# DATA
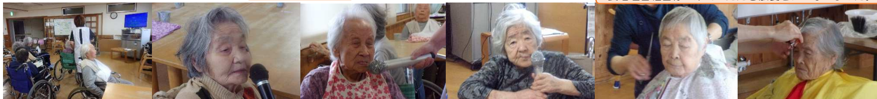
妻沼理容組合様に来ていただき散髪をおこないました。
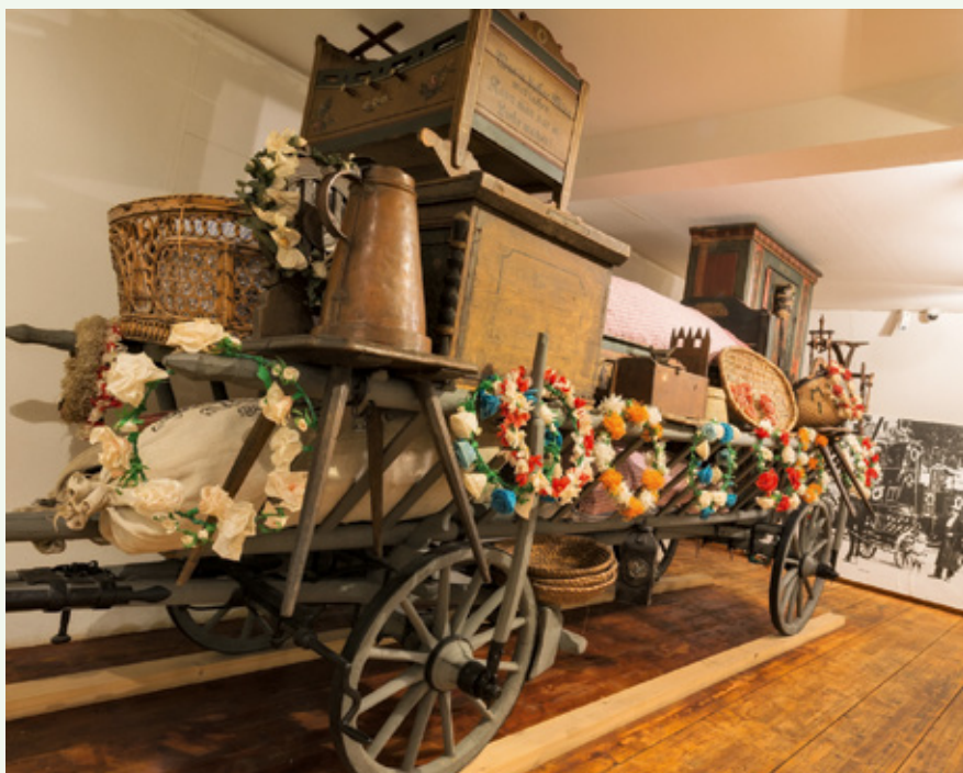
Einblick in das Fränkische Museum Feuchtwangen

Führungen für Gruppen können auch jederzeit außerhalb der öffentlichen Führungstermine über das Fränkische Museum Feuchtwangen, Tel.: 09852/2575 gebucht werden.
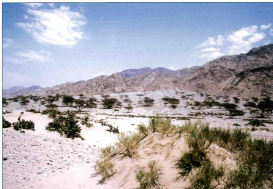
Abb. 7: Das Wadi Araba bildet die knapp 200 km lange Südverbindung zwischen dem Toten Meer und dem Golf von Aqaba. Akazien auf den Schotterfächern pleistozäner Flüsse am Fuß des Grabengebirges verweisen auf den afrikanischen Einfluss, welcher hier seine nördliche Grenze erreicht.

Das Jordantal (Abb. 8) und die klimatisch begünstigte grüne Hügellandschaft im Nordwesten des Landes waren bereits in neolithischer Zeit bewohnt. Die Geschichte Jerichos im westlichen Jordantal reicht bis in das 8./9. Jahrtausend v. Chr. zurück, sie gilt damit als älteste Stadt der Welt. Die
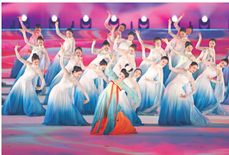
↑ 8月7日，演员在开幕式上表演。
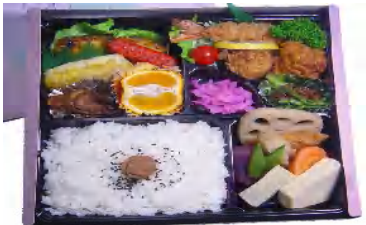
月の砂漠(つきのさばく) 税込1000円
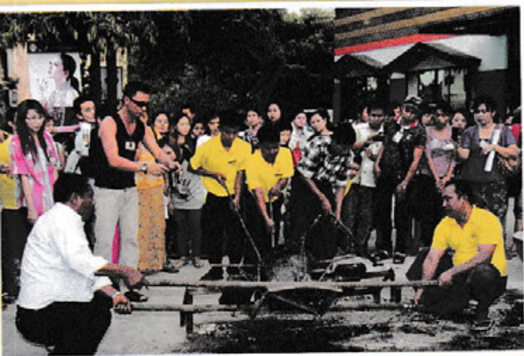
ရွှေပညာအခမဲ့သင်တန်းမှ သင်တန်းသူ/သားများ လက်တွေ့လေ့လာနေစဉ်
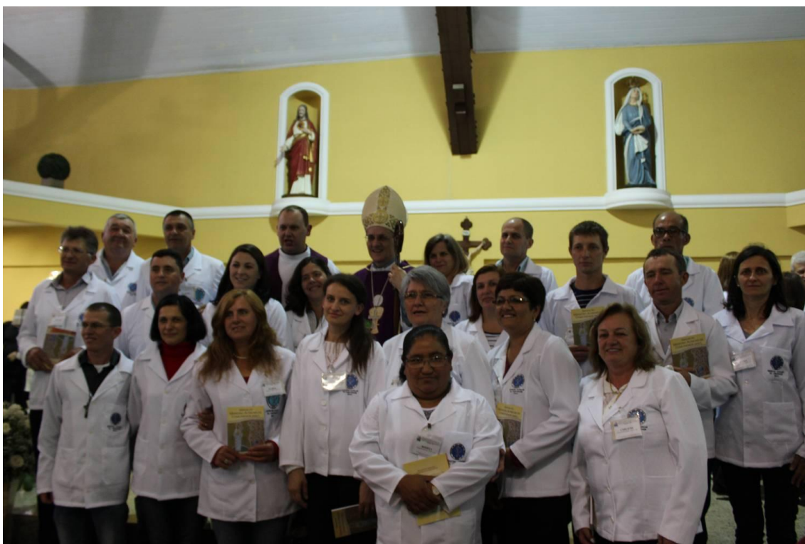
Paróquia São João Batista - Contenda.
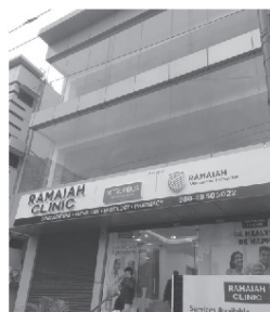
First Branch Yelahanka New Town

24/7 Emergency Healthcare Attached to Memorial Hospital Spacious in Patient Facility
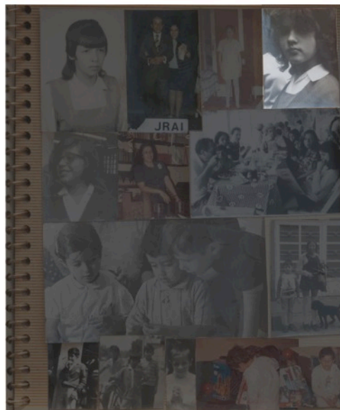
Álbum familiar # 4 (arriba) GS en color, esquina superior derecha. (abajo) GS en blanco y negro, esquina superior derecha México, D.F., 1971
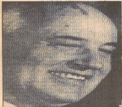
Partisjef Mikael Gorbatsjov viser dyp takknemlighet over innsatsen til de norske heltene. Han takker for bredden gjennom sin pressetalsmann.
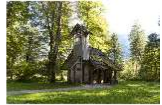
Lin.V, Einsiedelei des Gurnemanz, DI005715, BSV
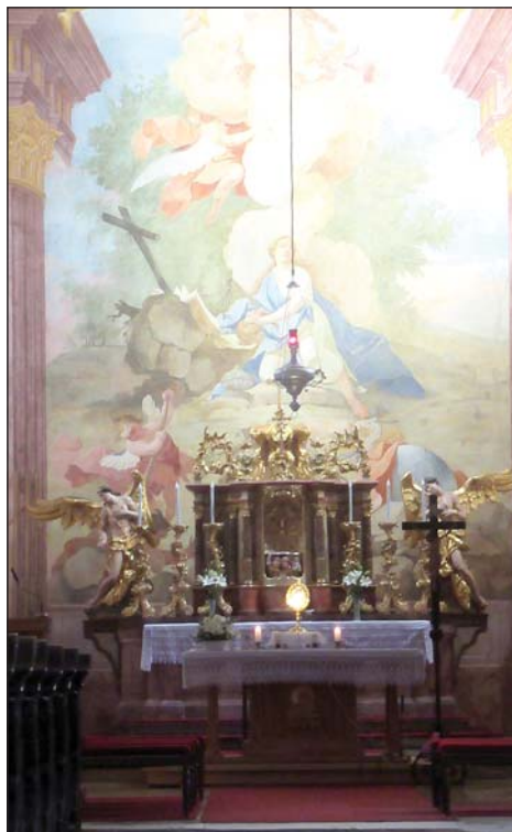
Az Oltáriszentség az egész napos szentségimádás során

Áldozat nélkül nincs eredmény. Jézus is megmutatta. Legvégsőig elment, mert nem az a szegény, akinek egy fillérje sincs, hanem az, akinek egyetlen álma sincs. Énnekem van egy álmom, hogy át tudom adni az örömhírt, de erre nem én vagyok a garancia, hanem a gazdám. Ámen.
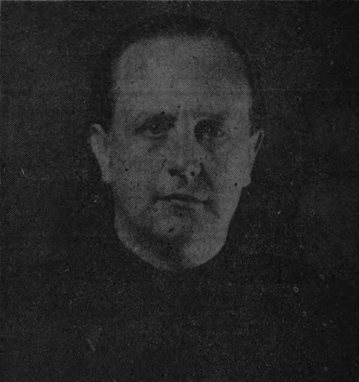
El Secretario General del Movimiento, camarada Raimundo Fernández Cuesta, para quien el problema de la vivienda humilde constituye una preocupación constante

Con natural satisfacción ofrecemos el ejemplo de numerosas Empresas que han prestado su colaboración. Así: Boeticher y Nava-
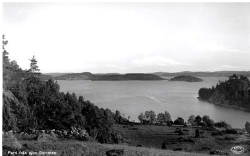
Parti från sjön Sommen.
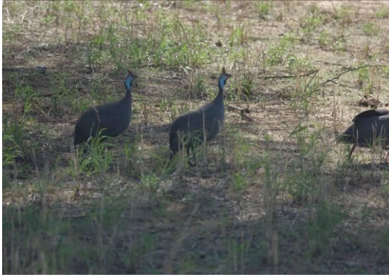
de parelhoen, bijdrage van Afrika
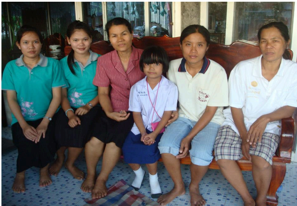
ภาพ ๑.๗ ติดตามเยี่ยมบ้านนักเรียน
==
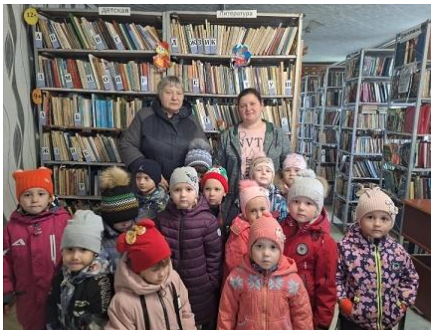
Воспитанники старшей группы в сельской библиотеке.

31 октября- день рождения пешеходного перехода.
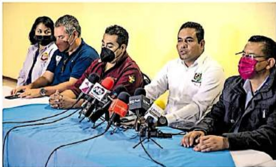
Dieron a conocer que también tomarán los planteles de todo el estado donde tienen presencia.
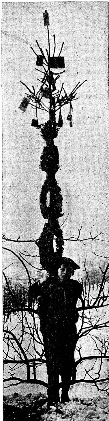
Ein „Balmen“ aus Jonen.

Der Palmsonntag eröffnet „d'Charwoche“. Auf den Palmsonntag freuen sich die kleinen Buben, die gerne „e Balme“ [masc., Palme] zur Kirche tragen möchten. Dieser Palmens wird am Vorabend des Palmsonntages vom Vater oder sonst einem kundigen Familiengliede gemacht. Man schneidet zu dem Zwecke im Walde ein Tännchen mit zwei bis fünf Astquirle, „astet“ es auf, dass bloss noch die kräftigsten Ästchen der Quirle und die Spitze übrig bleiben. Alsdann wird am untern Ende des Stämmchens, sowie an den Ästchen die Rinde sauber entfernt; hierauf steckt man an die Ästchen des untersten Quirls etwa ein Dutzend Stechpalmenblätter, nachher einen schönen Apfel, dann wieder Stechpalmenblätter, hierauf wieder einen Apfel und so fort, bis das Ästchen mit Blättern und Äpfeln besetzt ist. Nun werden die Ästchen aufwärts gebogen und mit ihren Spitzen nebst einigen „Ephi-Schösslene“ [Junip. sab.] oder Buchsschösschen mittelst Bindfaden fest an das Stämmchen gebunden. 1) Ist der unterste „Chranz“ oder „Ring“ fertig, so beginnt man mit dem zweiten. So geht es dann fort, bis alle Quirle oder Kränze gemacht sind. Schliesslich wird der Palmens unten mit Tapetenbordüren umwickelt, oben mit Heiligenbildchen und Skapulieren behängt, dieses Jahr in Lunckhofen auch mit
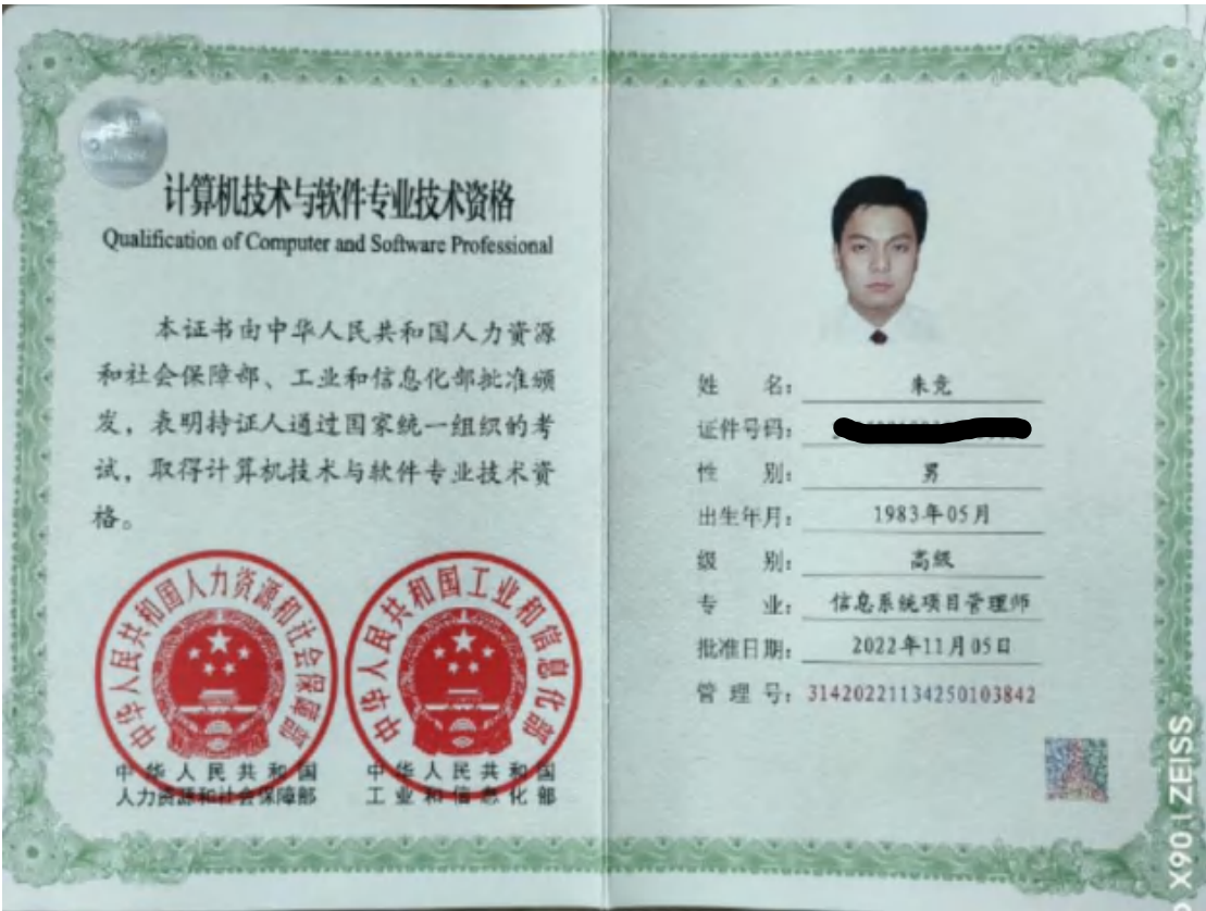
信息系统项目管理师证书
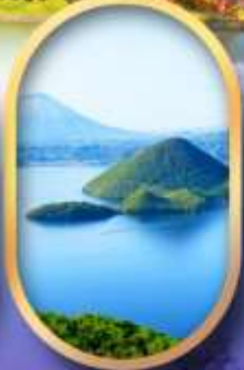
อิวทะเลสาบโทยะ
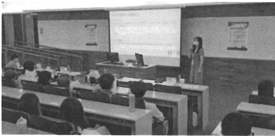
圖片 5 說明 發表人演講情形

# WHAT THE TASK ASKS
Show me all lines in the records that contain "Feuchtwangen".

# SOLUTION TO THE PROBLEM
Einblick in das Fränkische Museum Feuchtwangen
Führungen für Gruppen können auch jederzeit außerhalb der öffentlichen Führungstermine über das Fränkische Museum Feuchtwangen, Tel.: 09852/2575 gebucht werden.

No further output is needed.